PROMPT ::
Give an exact copy of the data that follows, but none of its pictures.
-------- COLLECTED MATERIAL
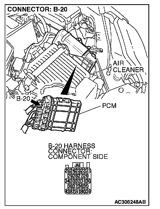 STEP 4. Check PCM connector B-20 for loose, corroded or damaged terminals, or terminals pushed back in the connector.
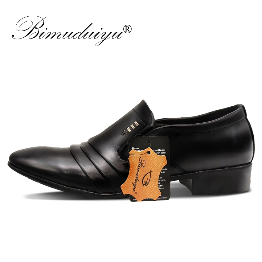 BIMUDUIYU, роскошные брендовые модные деловые модельные мужские лоферы из искусственной кожи, черные туфли с острым носком, туфли-оксфорды, дышащие официальные свадебные туфли
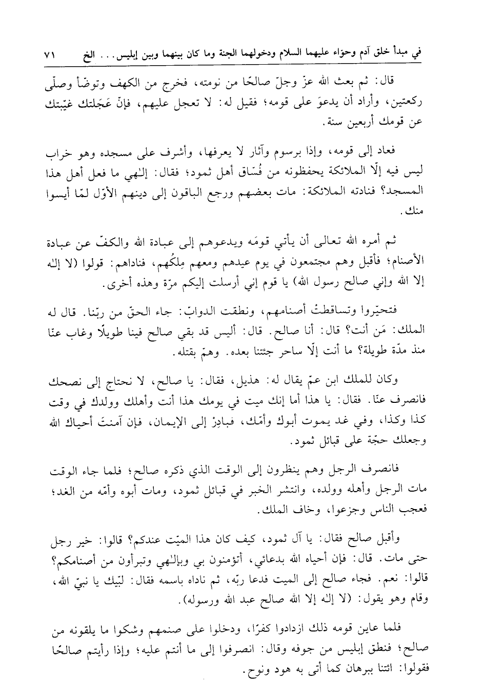 قال : ثم بعث الله عز وجل صالحاً من نومته ، فخرج من الكهف وتوضأ وصلى ركعتين ، وأراد أن يدعوا على قومه ؛ فقيل له : لا تعجل عليهم ، فإن عجلت غيبتك عن قومك أربعين سنة .
----------------
RESULT FOR THIS TASK ::
 STEP 4. Check PCM connector B-20 for loose, corroded or damaged terminals, or terminals pushed back in the connector.
 BIMUDUIYU, роскошные брендовые модные деловые модельные мужские лоферы из искусственной кожи, черные туфли с острым носком, туфли-оксфорды, дышащие официальные свадебные туфли
 قال : ثم بعث الله عز وجل صالحاً من نومته ، فخرج من الكهف وتوضأ وصلى ركعتين ، وأراد أن يدعوا على قومه ؛ فقيل له : لا تعجل عليهم ، فإن عجلت غيبتك عن قومك أربعين سنة .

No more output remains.